First, the initiator opens a TCP connection at the IP address
and port discovered via the DNS lookup for an entity and opens
an XML stream to the recipient, which SHOULD include 'to' and
'from' address. [...]

This sounds pretty precise; point-to-point communication is over TCP.  The Security Considerations section discussed some of the different constraints for XMPP in serverless mode, and states that …

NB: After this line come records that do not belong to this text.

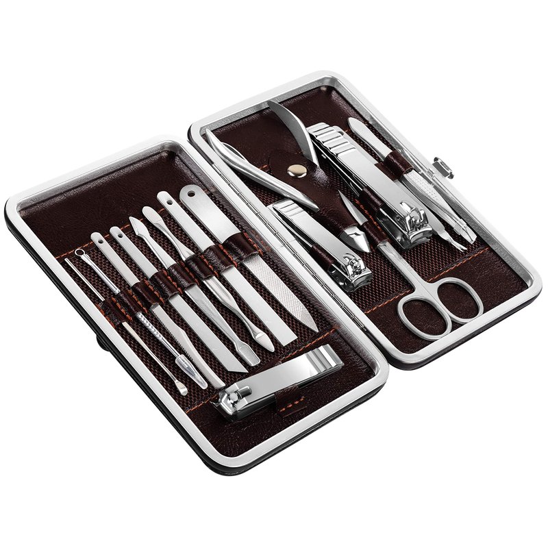 - 15 PCs MANICURE KIT- High quality, beautifully made manicure set; ideal for foot, hand and facial care. The set contains nail clippers for finger and toenails, peeling knives, cuticle trimmers, toenail nipper, nail file, v-shaped push stick, eyebrow tweezers, multi-purpose scissors, blackhead needle with loop remover and an ear pick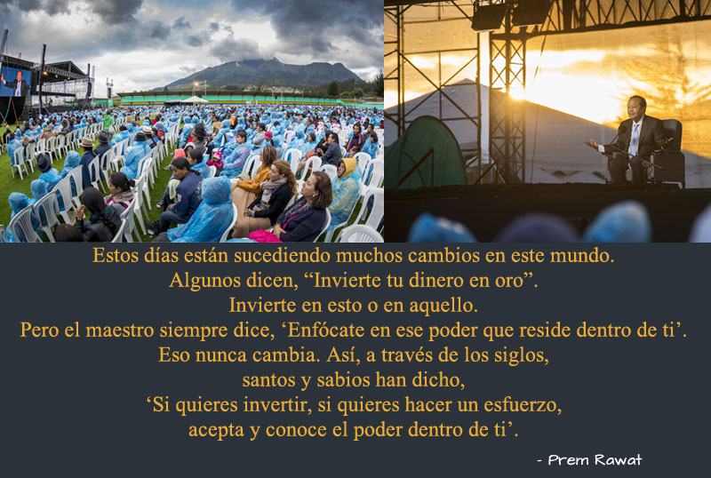 Estos días están sucediendo muchos cambios en este mundo. Algunos dicen, “Invierte tu dinero en oro”. Invierte en esto o en aquello. Pero el maestro siempre dice, ‘Enfócate en ese poder que reside dentro de ti’. Eso nunca cambia. Así, a través de los siglos, santos y sabios han dicho, ‘Si quieres invertir, si quieres hacer un esfuerzo, acepta y conoce el poder dentro de ti’.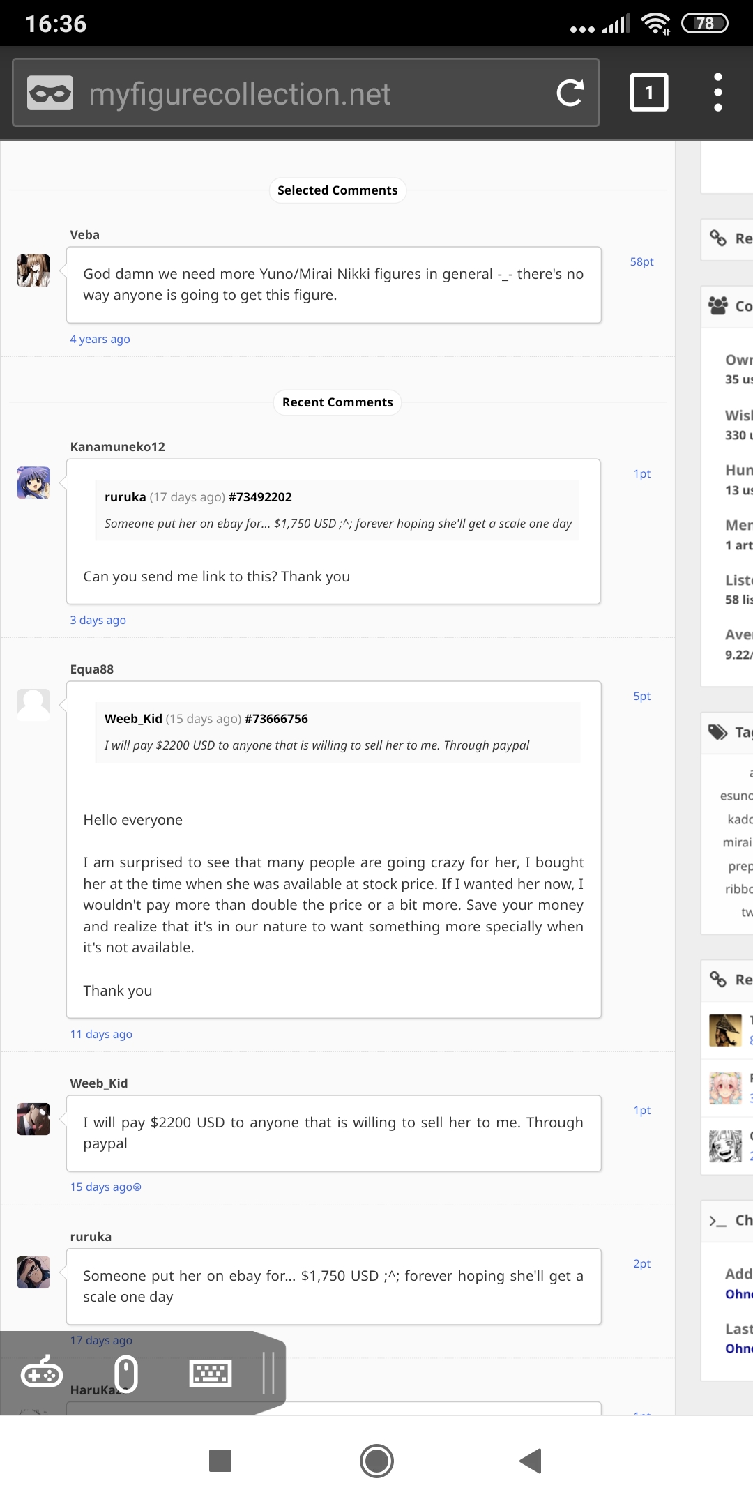 Зайдя на рыночек полки, я увидел свежевыложенные фигурки и вспомнил о мясе, оно же сена-кун. Может ли быть, что мясо распродаёт свою коллекцию. Давно за ним не наблюдал, но по фигуркам похоже на 99.5%. Цены низкие ппц. Возможно троллит кто-то или развод. Возможно я параноик или мало ли что...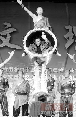 昨日,bb贝博艾弗森官方网站体育馆,女演员把一学生装进大缸中蹬起并转动。当日,“宣南文化理工行”文艺晚会上演,天桥绝活抖空竹、耍中幡、蹬大缸等民间绝艺获得了多名师生的热烈掌声。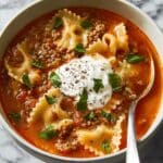This Delicious Easy Lasagna Soup captures all the rich flavors of classic lasagna in a comforting, hearty soup form. Made with ground beef, tomatoes, garlic, and herbs, enriched with creamy cheese, and quick to prepare, it is perfect for a cozy weeknight meal that satisfies without fuss.
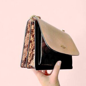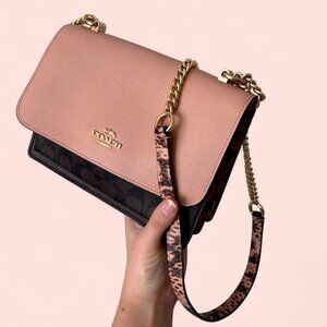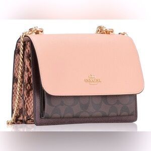 NEW Coach Klare Crossbody Bag Pink Signature Canvas Monogram Snakeskin Embossed

To secure communications between serverless entities, it is RECOMMENDED to negotiate the use of TLS and SASL for the XML stream as described in RFC 3920

Having stumbled across Datagram TLS (wikipedia, design writeup), I wonder whether that might also be an option for the layer providing the XML stream between entities.  For example, the chownat tool shows a UDP-based trick for establishing bidirectional communication between entities, even when they’re both behind NAT. I can’t help but wonder whether XMPP could be layered somehow on top of that (OpenSSL libraries have Datagram TLS support already, apparently). There are also other mechanisms I’ve been discussing with Mo McRoberts and Libby Miller lately, e.g. Mo’s dynamic dns / pubkeys idea, or his trick of running an XMPP server in the home, and opening it up via UPnP. But that’s for another time.

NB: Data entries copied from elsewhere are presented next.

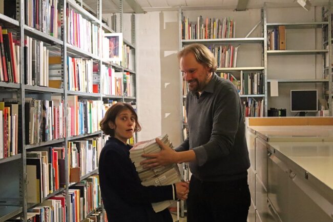 Eine öffentliche Sammlung, die wir bereits beschenken durften, ist die basis wien. (Siehe Beweisfoto von der Übergabe der Gesamtausgabe durch skug-Chefredakteur Frank Jödicke an die Geschäftsführerin der basis wien, Helene Baur). Der basis wien möchten wir an dieser Stelle danken, dass sie uns Unterschlupf gewährt und den entsprechenden Raum für die nötige Sortierarbeit. Die basis selbst ist eine ganz wunderbare und schlaue Institution und man darf sagen, hier haben sich die richtigen gefunden. In der Sammlung der basis wien werden seit 1997 nicht die großen Werke der Kunst gesammelt, sondern es wird an einem vielleicht viel wirklichkeitsnäheren Abbild der Kunstproduktion gearbeitet, das sich in Flyern, Einladungen, kleinen Ausstellungsbeschreibungen oder sonstigen Publikationen niederschlägt. Diese »Sekundärmaterialien« sind selten oder nie von monetärem Wert, sie schreiben aber die Geschichte einer lebendigen Szene. Eine Geschichte, die nicht die der durchaus ja auch am Profit orientierten Big-Player des Kunstbusiness ist, sondern ein Abbild des Werkens und Wirkens unzähliger Künstler*innen, die vielleicht vom üblichen Betrieb nur hier und da erwähnt wurden (die aber schlau genug waren, ihre Ausstellungen der basis wien mitzuteilen). Das ist auch so ein bisschen, fast könnte man jetzt sagen, »Ästhetik und Politik von unten«, weil die basis nicht mitmacht bei der offiziösen Kunstgeschichtsschreibung, die gerne die teuren Genies aufzählt und dann mit tiefgebeugtem Haupt rückwärts zur Tür zurückschleicht.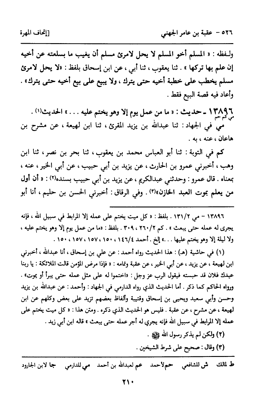 قَالَ أَحْمَدُ: ثنا عَلِيُّ بْنُ إِسْحَاقَ، أنا عَبْدُ اللَّهِ، أَخْبَرَنِي ابْنُ لَهِيعَةَ، حَدَّثَنِي يَزِيدُ، عَنْ أَبِي الْخَيْرِ، بِهِ. وَعَنْ عَبْدِ اللَّهِ بْنِ يَزِيدَ، وَحَسَنٍ، وَأَبِي سَعِيدٍ، وَيَحْيَى بْنِ إِسْحَاقَ، كُلُّهُمْ عَنِ ابْنِ لَهِيعَةَ، عَنْ مِشْرَحٍ، بِهِ. وَعَنْ قُتَيْبَةَ، عَنِ ابْنِ لَهِيعَةَ، بِهِ. وَفِيهِ زِيَادَةٌ.
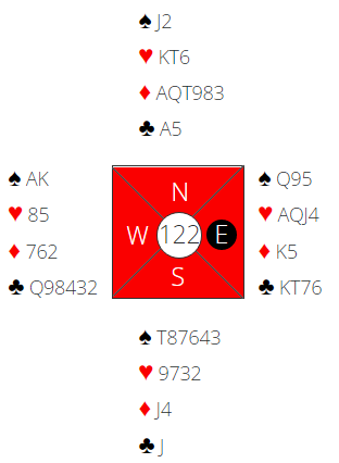 I dette spillet avhenger mye av hvordan meldingene går. Hvis Ø/V bruker svake grander (12-14) kan det bli trist denne gangen, for da vil nord få muligheten til å melde inn med ruterfargen sin. Også hvis vest etter sterk 1NT fra øst "roter litt rundt", dvs. for eksempel overfører til kløver først, vil nord kunne melde. Om det derimot går rett frem, 1NT fra øst og svaret 3NT fra vest som vel er en grei melding, er nord utmeldt. Og da skal syd finne ut utspill mot 3NT. Etter spillet oppdages at ruter ut er tingen, men det er det ikke mange som finner på.

So back on my main theme: XMPP is holding itself back by always emphasising the server-mediated role. XEP-0174 has the feel of an afterthought rather than a core part of what the XMPP community offers to the wider technology scene, and the support for it in toolkits lags similarly. I’d love to hear from ‘live and breath XMPP’ folk what exactly they think is needed before it can become a more central part of the XMPP world.

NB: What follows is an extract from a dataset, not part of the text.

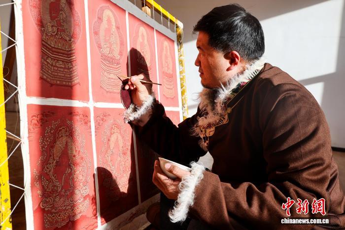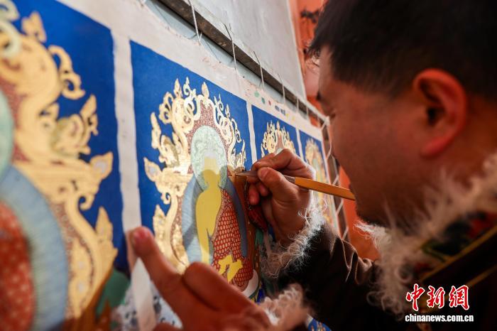 12月10日,青海省黄南藏族自治州同仁市胜境画院内,唐卡画师夏吾尖措绘制唐卡。热贡唐卡源于当地独特的文化生态,被誉为绘画艺术中一面独具韵味的旗帜。如今,许多画师通过系统授徒、开办传习工坊等方式,将调色、勾线、描金等核心技艺传授给年轻一代,让古老技艺得以传承和延续。中新社记者 薛蒂 摄

From the TV remotes use case we have a few constraints, such as the need to associate identities established in different environments (eg. via public key). If xmpp:danbri-ipad@danbri.org is already on the server-based XMPP roster of xmpp:nevali-tv@nevali.net, can pubkey info in their XMPP vCards be used to help re-establish trusted communications when the devices find themselves connected in the same LAN? It seems just plain nuts to have a remote control communicate with another box in the same room via transatlantic links through Google Talk and Amazon EC2, and yet that’s the general pattern of normal XMPP communications. What would it take to have more out-of-the-box support for XEP-0174 from the XMPP toolkits? Some combination of beer, money, or a shared sense that this is worth doing and that XMPP has huge potential beyond the server-based communications model it grew from?